Ne var ki; tapulu taşınmazların intikallerinde, huzur ve güveni koruma, toplum düzenini sağlama uğruna, tapu kaydında ismi geçmeyen ama asıl malik olanın hakkı feda edildiğinden iktisapta bulunan kişinin, iyi niyetli olup olmadığının tam olarak tespiti büyük önem taşımaktadır.

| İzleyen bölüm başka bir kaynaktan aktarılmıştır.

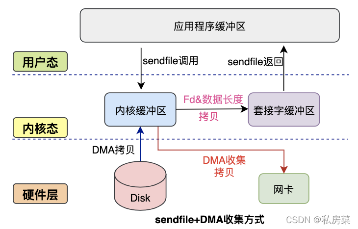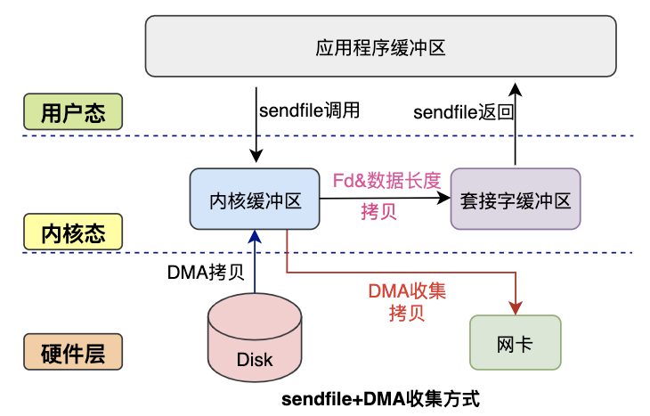 从图中可以看到,应用程序只需要调用sendfile函数即可完成,只有2次状态切换、1次CPU拷贝、2次DMA拷贝。

Gerçekten bir yanda tapu sicilinin doğruluğuna inanarak iktisapta bulunduğunu ileri süren kimse diğer yanda ise kendisi için maddi, hatta bazı hallerde manevi büyük değer taşıyan ayni hakkını yitirme tehlikesi ile karşı karşıya kalan önceki malik bulunmaktadır.
Bu nedenle, yüzeysel ve şekilci bir araştırma ve yaklaşımın büyük mağduriyetlere yol açacağı, kişilerin Devlete ve adalete olan güven ve saygısını sarsacağı ve yasa koyucunun amacının ilk bakışta, şeklen iyi niyetli gözükeni değil, gerçekten iyiniyetli olan kişiyi korumak olduğu hususlarının daima göz önünde tutulması, bu yönde tüm delillerin toplanıp derinliğine irdelenmesi ve değerlendirilmesi gerekmektedir.
Nitekim bu görüşten hareketle, "kötü niyet iddiasının def"i değil itiraz olduğu, iddia ve müdafaanın genişletilmesi yasağına tabii olmaksızın her zaman ileri sürülebileceği ve mahkemece kendiliğinden (resen) nazara alınacağı” ilkeleri 08.11.1991 tarih l990/4 esas l99l/3 sayılı İçtdihadı Birleştirme Kararında kabul edilmiş, bilimsel görüşlerde aynı doğrultuda gelişmiştir.
Ne var ki, somut olayda ikinci el konumundaki dahili davalıların iyiniyeti bakımından gerekli araştırmaların yapılmadan sonuca gidildiği görülmektedir.
Hal böyle olunca, ikinci el konumundaki davalılar yönünden tarafların bildirdikleri ve bildirecekleri delillerin toplanması ve iyiniyet araştırması yapılarak varılacak sonuç çerçevesinde bir karar verilmesi gerekirken eksik inceleme ile yetinilerek yazılı olduğu üzere hüküm kurulması isabetli olmamıştır.
Davacıların yerinde bulunan temyiz itirazlarının kabulü ile hükmün (6100 sayılı Yasanın geçici 3.maddesi yollaması ile) 1086 sayılı HUMK"un 428.maddesi gereğince BOZULMASINA, 02.01.2019 tarihinde yürürlüğe giren Avukatlık Ücret Tarifesi gereğince gelen temyiz edenlerden davacı ... vekili için 2.037.00.-TL. duruşma vekâlet ücretinin temyiz edilenlerden alınmasına, alınan peşin harcın temyiz edene geri verilmesine, 12.02.2019 tarihinde oybirliğiyle karar verildi.